O caminho para realizar um sonho no cinema nunca é fácil, quem conhece a realidade da produção audiovisual no Brasil sabe disso. Tudo é mais difícil para quem está fora do eixo Rio-São Paulo (sim, o cenário vem mudando, mas falta muito para a briga ser de igual para igual), com barreiras ainda mais altas para quem não está numa capital. É lindo falar em descentralização da cultura, só que lutar por ela é uma tarefa inglória, mas alguns produtores têm tamanha vontade que vencem o que for necessário para realizar propostas como a de criar um novo festival. 

É bem assim o caso de Marcio Branco e do Curta Paranaguá. O idealizador e diretor artístico do evento encarou a necessidade de se reinventar aos 55 anos de idade.
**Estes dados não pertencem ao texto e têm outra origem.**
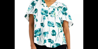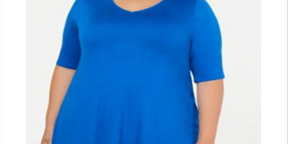 Alfani Women's Short Sleeve V Neck Tunic Top Blue Size 0X
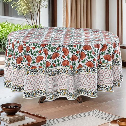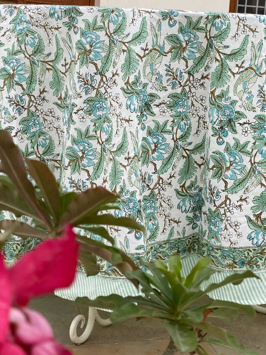 Emerald Green Handmade Cotton Block Print Round Tablecloth - Machine Washable Spring & Easter Gift

Dono de um currículo invejável – com mais de 25 anos de trajetória como artista e produtor de teatro, dança, festivais, ópera e espetáculos – ele resolveu mudar o caminho que o enredo de sua vida estava tomando. Contudo, sem abandonar suas paixões e voltando a suas raízes. 

Branco não nasceu em Paranaguá, mas seus pais são da cidade. Quando a família se mudou para Curitiba, a mãe já estava grávida do primeiro filho, então o irmão mais velho, ele mesmo e a irmã caçula são da capital do Paraná. Ele não ficou ali, foi ganhar o mundo após se formar em artes cênicas na PUC, convites para papéis irrecusáveis o levaram para São Paulo-SP, viajou o Brasil com a arte e depois resolveu mudar o CEP para Londres (UK). Tudo ia bem, mas o plot twist foi a crise financeira de 2008. O passaporte precisou receber o carimbo que marcou a volta para casa. Tudo bem. Trabalho não faltou, pois o conhecimento tinha aumentado e a bagagem profissional também.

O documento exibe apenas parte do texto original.